Please give back, word for word, each line from the start of the entries through the one in which "حدثنا أبو بكر أحمد" is found.

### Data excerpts
'''
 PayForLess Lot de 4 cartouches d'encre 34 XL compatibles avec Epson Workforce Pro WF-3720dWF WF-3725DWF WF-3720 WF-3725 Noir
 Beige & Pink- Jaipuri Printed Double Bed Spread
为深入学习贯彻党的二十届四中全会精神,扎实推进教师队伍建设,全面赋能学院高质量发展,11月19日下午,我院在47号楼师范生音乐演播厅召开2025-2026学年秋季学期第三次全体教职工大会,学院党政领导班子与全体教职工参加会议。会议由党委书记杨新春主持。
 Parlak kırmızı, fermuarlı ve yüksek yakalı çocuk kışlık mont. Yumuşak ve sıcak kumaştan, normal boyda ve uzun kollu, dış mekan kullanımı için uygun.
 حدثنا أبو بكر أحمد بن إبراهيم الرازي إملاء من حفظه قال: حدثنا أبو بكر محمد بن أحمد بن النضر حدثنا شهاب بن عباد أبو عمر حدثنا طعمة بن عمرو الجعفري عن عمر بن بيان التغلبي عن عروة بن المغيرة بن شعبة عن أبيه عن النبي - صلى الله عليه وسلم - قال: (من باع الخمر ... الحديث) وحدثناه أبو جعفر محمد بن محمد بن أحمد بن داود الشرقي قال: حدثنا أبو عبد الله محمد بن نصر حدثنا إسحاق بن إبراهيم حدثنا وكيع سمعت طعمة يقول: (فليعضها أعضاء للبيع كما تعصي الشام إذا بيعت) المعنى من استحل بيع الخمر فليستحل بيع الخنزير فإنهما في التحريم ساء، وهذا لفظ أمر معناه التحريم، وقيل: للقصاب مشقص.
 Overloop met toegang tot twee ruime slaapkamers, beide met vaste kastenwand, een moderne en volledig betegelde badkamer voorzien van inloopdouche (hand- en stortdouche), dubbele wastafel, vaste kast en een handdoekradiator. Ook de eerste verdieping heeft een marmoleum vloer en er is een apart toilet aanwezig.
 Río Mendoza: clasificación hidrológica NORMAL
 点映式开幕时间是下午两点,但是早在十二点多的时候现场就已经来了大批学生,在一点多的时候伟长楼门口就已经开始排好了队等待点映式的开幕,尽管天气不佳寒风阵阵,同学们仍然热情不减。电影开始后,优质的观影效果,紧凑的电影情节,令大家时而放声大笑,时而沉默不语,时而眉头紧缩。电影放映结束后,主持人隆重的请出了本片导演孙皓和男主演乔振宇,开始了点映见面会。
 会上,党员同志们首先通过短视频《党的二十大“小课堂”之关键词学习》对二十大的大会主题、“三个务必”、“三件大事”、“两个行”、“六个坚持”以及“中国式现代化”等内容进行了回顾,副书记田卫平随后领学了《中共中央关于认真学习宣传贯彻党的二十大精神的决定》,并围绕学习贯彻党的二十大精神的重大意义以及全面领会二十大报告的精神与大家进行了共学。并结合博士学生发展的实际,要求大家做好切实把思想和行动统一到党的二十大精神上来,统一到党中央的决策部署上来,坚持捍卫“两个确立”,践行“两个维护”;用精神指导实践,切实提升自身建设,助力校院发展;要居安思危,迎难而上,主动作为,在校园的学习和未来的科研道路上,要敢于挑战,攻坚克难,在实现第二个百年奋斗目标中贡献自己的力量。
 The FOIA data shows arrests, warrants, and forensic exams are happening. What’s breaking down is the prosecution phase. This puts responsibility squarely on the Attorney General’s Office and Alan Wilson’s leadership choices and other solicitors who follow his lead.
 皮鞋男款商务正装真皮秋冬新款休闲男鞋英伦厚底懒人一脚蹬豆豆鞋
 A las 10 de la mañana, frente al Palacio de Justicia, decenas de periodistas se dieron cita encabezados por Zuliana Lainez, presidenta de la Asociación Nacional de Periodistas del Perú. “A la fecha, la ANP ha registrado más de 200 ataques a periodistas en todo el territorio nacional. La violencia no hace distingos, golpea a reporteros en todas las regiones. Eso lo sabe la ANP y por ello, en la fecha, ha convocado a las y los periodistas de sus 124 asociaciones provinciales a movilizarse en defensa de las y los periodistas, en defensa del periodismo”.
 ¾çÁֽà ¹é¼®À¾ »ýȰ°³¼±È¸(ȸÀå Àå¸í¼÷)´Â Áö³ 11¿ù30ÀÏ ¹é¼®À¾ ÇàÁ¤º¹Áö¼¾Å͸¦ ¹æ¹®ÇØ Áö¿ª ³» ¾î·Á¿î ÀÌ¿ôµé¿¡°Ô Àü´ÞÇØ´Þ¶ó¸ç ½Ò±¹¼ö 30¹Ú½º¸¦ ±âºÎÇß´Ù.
'''
### OUTPUT BELOW
 PayForLess Lot de 4 cartouches d'encre 34 XL compatibles avec Epson Workforce Pro WF-3720dWF WF-3725DWF WF-3720 WF-3725 Noir
 Beige & Pink- Jaipuri Printed Double Bed Spread
为深入学习贯彻党的二十届四中全会精神,扎实推进教师队伍建设,全面赋能学院高质量发展,11月19日下午,我院在47号楼师范生音乐演播厅召开2025-2026学年秋季学期第三次全体教职工大会,学院党政领导班子与全体教职工参加会议。会议由党委书记杨新春主持。
 Parlak kırmızı, fermuarlı ve yüksek yakalı çocuk kışlık mont. Yumuşak ve sıcak kumaştan, normal boyda ve uzun kollu, dış mekan kullanımı için uygun.
 حدثنا أبو بكر أحمد بن إبراهيم الرازي إملاء من حفظه قال: حدثنا أبو بكر محمد بن أحمد بن النضر حدثنا شهاب بن عباد أبو عمر حدثنا طعمة بن عمرو الجعفري عن عمر بن بيان التغلبي عن عروة بن المغيرة بن شعبة عن أبيه عن النبي - صلى الله عليه وسلم - قال: (من باع الخمر ... الحديث) وحدثناه أبو جعفر محمد بن محمد بن أحمد بن داود الشرقي قال: حدثنا أبو عبد الله محمد بن نصر حدثنا إسحاق بن إبراهيم حدثنا وكيع سمعت طعمة يقول: (فليعضها أعضاء للبيع كما تعصي الشام إذا بيعت) المعنى من استحل بيع الخمر فليستحل بيع الخنزير فإنهما في التحريم ساء، وهذا لفظ أمر معناه التحريم، وقيل: للقصاب مشقص.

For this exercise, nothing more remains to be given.